First of all, you cannot retire on relative performance. Relative performance is often a valuable tool, but is also a marketing concept dreamed up by financial pundits who rarely outperform the market. Table A is a table of various asset classes and their relative performance since 2009, with the last 3 columns being the last 3 months. Keep in mind that each column (year) is totally independent of the other columns, and the assets classes at the top performed better than those at the bottom of each column. You do not know if they both lost money, both made money, one did, or not, other than the printed performance at the bottom of the box. It is just simple relative performance. And guess what? I’ll state it again; you cannot retire on relative returns.

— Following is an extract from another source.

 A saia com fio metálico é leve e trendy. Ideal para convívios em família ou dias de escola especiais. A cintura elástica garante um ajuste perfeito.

Table A is courtesy of Callan
Often the Callan Periodic Table of Investment Returns is shown to convince investors that chasing performance is a bad idea, as last years’ top performer probably won’t be the current year’s top performer. You can see that sometimes there is a string of consistent top performance. Years ago you could find a series of top performers with sometimes 4-5 years in a row at or near the top of the rankings. If an investor caught onto that trend after a few years, it wasn’t long before it failed miserably. Sadly, the investor, who probably thought they were genius added money each year and had no money management concepts or loss protection (stop loss) in place. If there was any real value with this, it is to learn and understand market history. From Table A, I could not find any asset class with more than 2 consecutive top performances; or in fact, anywhere on the table. You can search the internet and find variations of these types of table and those who go much further back in time.

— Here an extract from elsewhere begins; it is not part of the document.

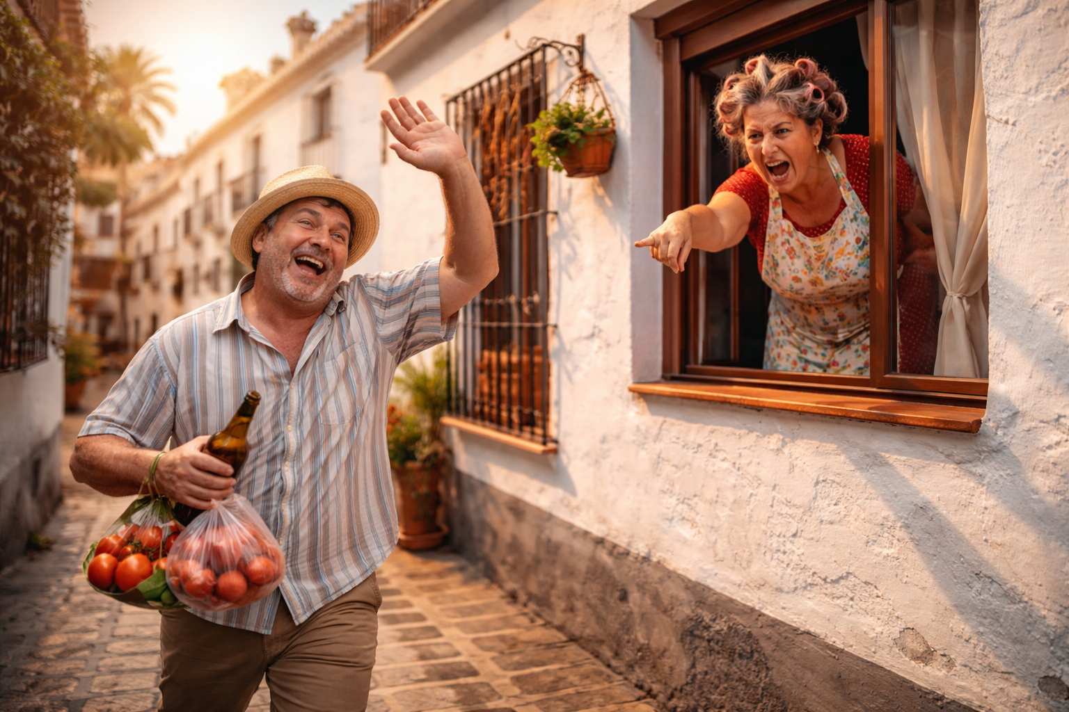 —Juan, escúchame. Vuelve ahora mismo a la tienda y trae tomates. Y esta vez: no pases por el bar, no hables con nadie y no te inventes excusas.

This is probably one of the most difficult obstacles to successful investing to overcome. It is human nature to want to be invested in the top performing stocks, funds, or strategies. Yet, you rarely know they are top performing until after they have had a few good years of top performance. In the old days many picked up the late January issue of Barron’s magazine when they showed the performance for all mutual funds for the previous year. Just like the Callan Periodic Table, when something is a top performer for a while, it more often than not, does not remain so. Style boxes are another dreadful source of performance chasing. A typical style box created by Morningstar in 1992 is shown in Graphic A. This gives investors an orderly classification system for mutual funds, which is unbelievably popular and used extensively to sell mutual funds. Morningstar ranks mutual funds into a five-star scale which forces a normal distribution because the top and bottom 10% get 5 stars, middle 35% get 3 stars, and the other two 22.5% groups get 4 and 2 stars. Research has shown that investors tend to put money into those with high ratings and withdraw money from those with low ratings, usually when they should be doing the opposite. In fact, many fund managers are tied to a particular style and measured by how they performed relative to that style. Their benchmark is the style box they have been classified into. If the fund drifts from its designated style, the marketing pressure insures adherence to the style box. I like to remind investors that when a manager who is tied to a benchmark (style) outperforms it, they call it alpha, however when the manager under performs the benchmark they like to say it is tracking error.
Graphic A
I’d like to show you a modified style box for a trend following strategy in Graphic B. A trend follower is only concerned about up trends and down trends. If you feel that you must involve a style box approach, I recommend the one in Graphic B.
Graphic B
With all that is arguably wrong with financial theory a future article will delve into some mathematical anomalies with using simple “bell curve” statistics which are based upon assumptions about the market that just do not play well and in fact are simply erroneous.